The cry went on long and pathetic, rising and falling in pitch. It was probably some kittens, the abandoned and unwanted offspring of a family pet, discarded by a callous owner. If it was and if he opened the box, what then? He would then feel responsible for them, would have to take them home. No, better to leave them for someone else, not his problem. But the cry was echoing round the alley, echoing inside his head. There was something about it that sounded almost human. Perhaps it was a baby shut in the box, he thought, in the dark.

He couldn't leave a baby shut inside a box, alone in the dark. Jacob knew how that felt, to be shut in, how you could not breathe, how you begin to sweat, how you could feel the blood rushing and roaring through your temples and the contents of your stomach rising in your throat. The waves of panic that wash hot and cold through the body.

And Jacob knew if there was any chance that it could be a baby, he had no choice but to look inside the box. He was within a foot of the cardboard box when suddenly there was a slight movement from the box and the crying ceased. All was quiet except the hum of the fans in the butchers shop wall. The top of the box was sealed with wide brown parcel tape, Jacob managed to get his fingernail under the end and peeled off the tape in one go. Pulling open the flaps he stared into the shadowy darkness, trying to make some sense of the shape within. It didn't look like a baby, in fact there seemed to be more than one set of eyes blinking back at him. "Kittens, I was right the first time" he thought, reaching in with both hands to pick one up.
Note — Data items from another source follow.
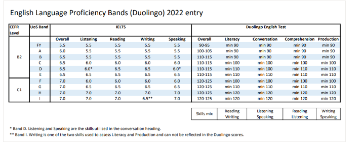 伯明翰大学2022年入学仅 线上语言班接收多邻国(Duolingo)成绩,对应要求如图 :
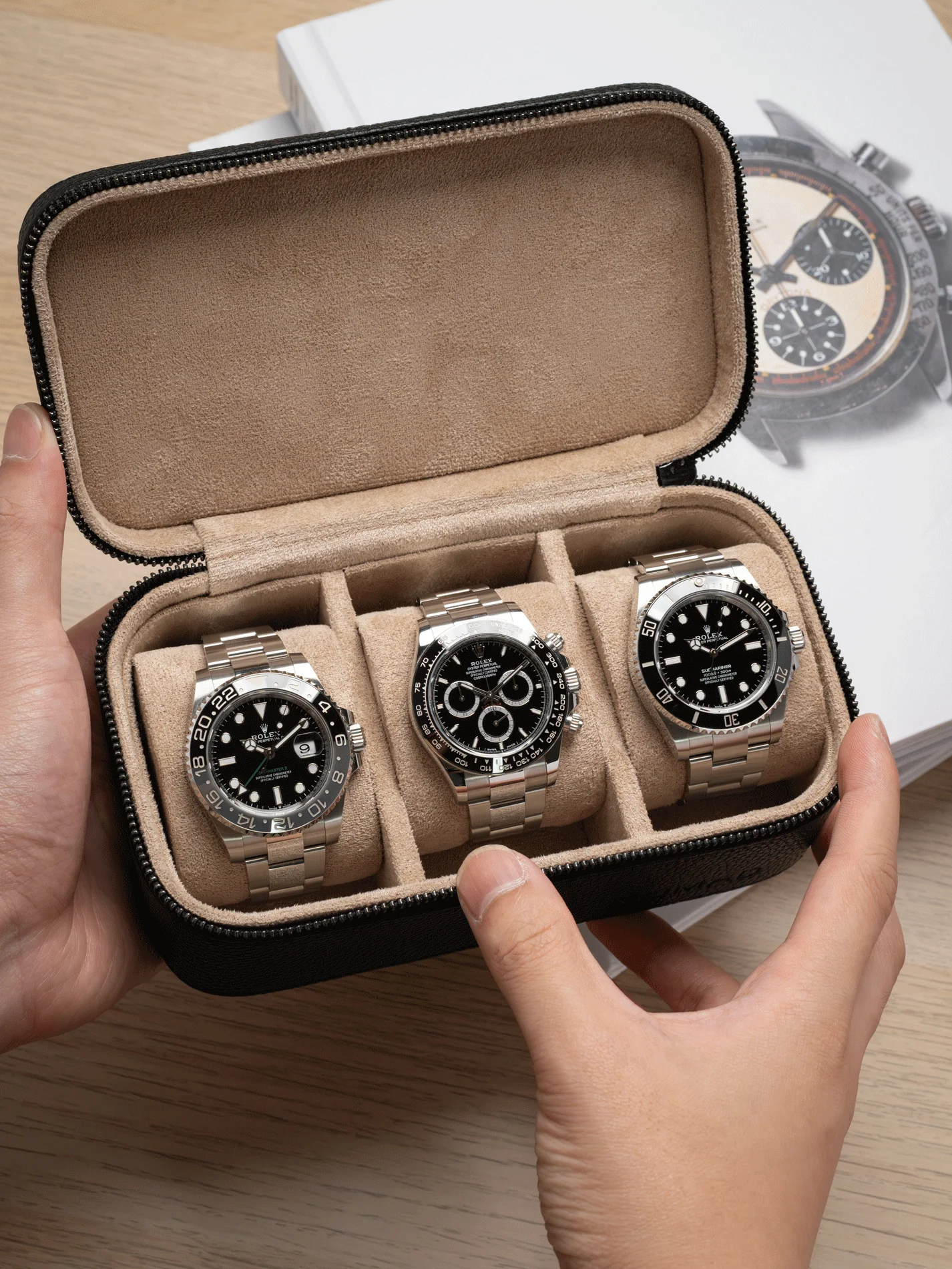 Each compartment fits watches up to 50mm wide
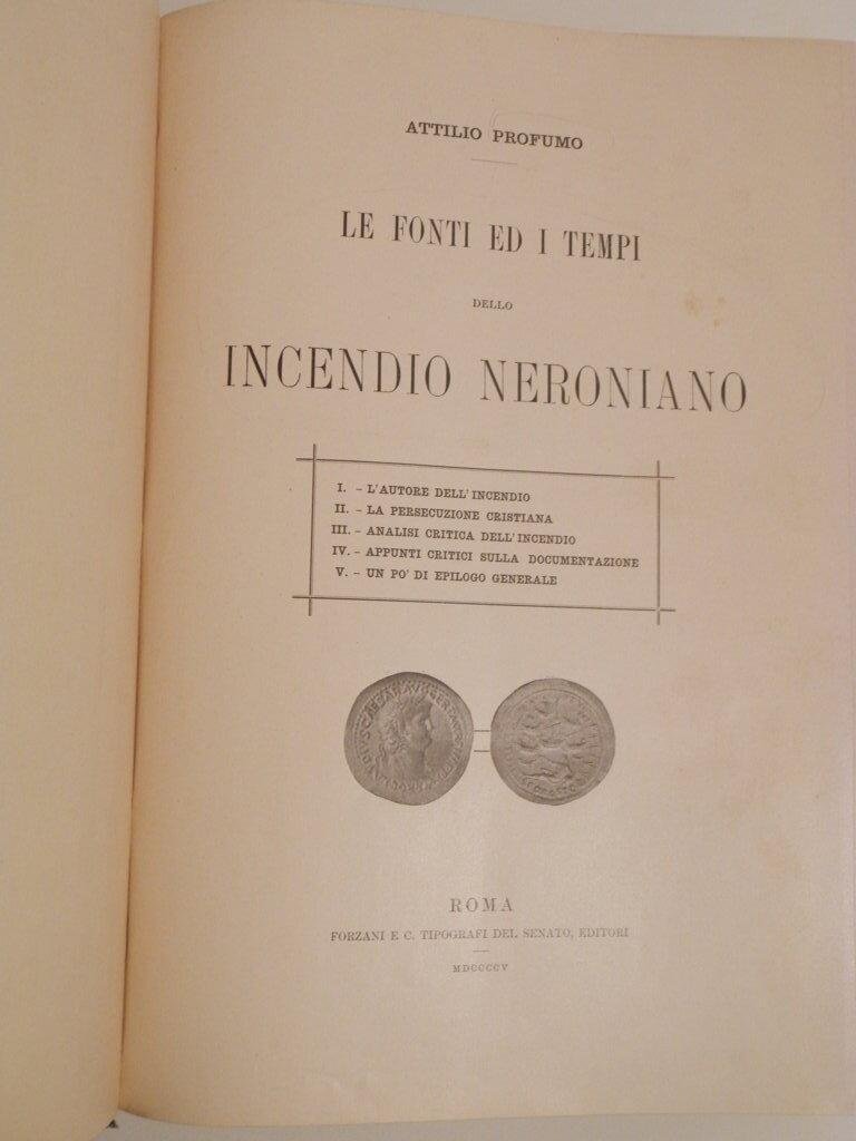 4°, 35 cm, pp. X, 718, 3 tavole fuori testo. Rilegatura coeva in mezza tela con angoli, titolo in oro al dorso, piatti marmorizzati, esemplare molto buono. Corposa opera di analisi dei testi storici dell'epoca in cui avvenne il celebre incendio. *** TUTTI I NOSTRI LIBRI SONO VISIBILI PREVIO CONTATTO MAIL O TELEFONO NELLA NUOVA SEDE DI MILANO: LIBRERIA COSMOPOLIS, VIA JOMMELLI, 22. ***
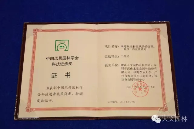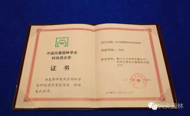 2016年9月23日~26日,2016中國風景園林學會年會在廣西南寧隆重召開,并頒發(fā)了2016中國風景園林學會科技進步獎,由浙江人文園林有限公司推出的“人文園林系列叢書”之《水生植物園林應(yīng)用指南》,獲得2016中國風景園林學會科技進步獎二等獎,浙江人文園林有限公司等單位共同研究的“睡蓮屬品種性狀的特異性、一致性、穩(wěn)定性研究”獲得2016中國風景園林學會科技進步獎三等獎。

Taloned hands grabbed both his wrists, sudden and vice like, searing pain shot up his arms.

He yelled out and tried to pull away. The claws pulled back, hard and sharp, digging into his flesh and forcing him off balance. Jacob realized that there was no way he could stop himself falling head first into the cardboard box. As his head entered the box more small clawing hands grabbed at it, pulling at his hair and ears. He felt the sharp talons enter his nostrils, dig into his neck and shoulders. Even as his chest passed into the box Jacob was aware of the wet and warm, strangely comforting feeling spreading through the front of his trousers.

Then as the claws pulled the rest of his body down into the darkness, he felt the hot and cold waves of panic running through his body. As he struggled for breath, the blood roaring in his ears, his shouts of terror began to subside, turning first into a whimper, then into a long plaintive wail.